_What you need to do_:
Your copy should match the records exactly, except that it contains no pictures.

_Material for this task_:
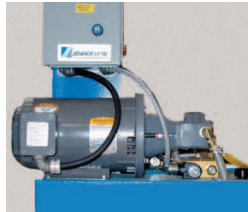
▶ Power Unit w/Controller
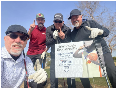
Squadron 91 (Chandler, AZ) supporting Mikey's League by sponsoring a hole in their golf tournament
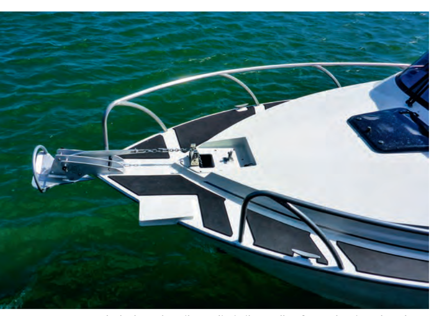
Towards the bow, the rails are dissimilar to allow for an electric outboard mount.

topped off with grab rails in front of the dash and under the roof.
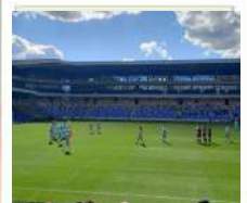
Paul D'Onegon at Scotland vs Australia

TO GET YOUR PICTURE IN 'TWFM' EMAIL HELEN@THEWOMENSFOOTBALLMAGAZINE.COM OR TAG US ON SOCIAL MEDIA @WOMENSFOOTIEMAG
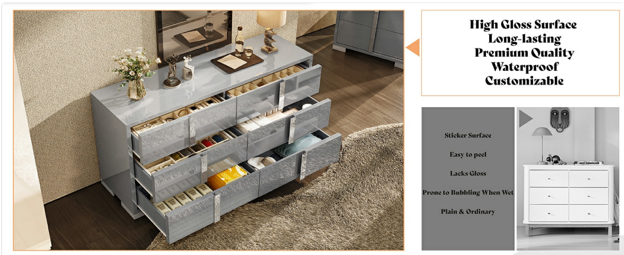
Image 6.1: Highlighting the durable, high-gloss surface of the dresser.
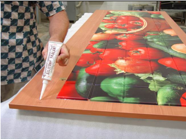
20. RUN A BEAD OF CLEAR SILICONE ALONG THE DÉCOR PANEL WHERE THE NEW PURSERAIL IS TO BE PLACED.

_Response to the task_:
▶ Power Unit w/Controller
Squadron 91 (Chandler, AZ) supporting Mikey's League by sponsoring a hole in their golf tournament
Towards the bow, the rails are dissimilar to allow for an electric outboard mount.

topped off with grab rails in front of the dash and under the roof.
Paul D'Onegon at Scotland vs Australia

TO GET YOUR PICTURE IN 'TWFM' EMAIL HELEN@THEWOMENSFOOTBALLMAGAZINE.COM OR TAG US ON SOCIAL MEDIA @WOMENSFOOTIEMAG
Image 6.1: Highlighting the durable, high-gloss surface of the dresser.
20. RUN A BEAD OF CLEAR SILICONE ALONG THE DÉCOR PANEL WHERE THE NEW PURSERAIL IS TO BE PLACED.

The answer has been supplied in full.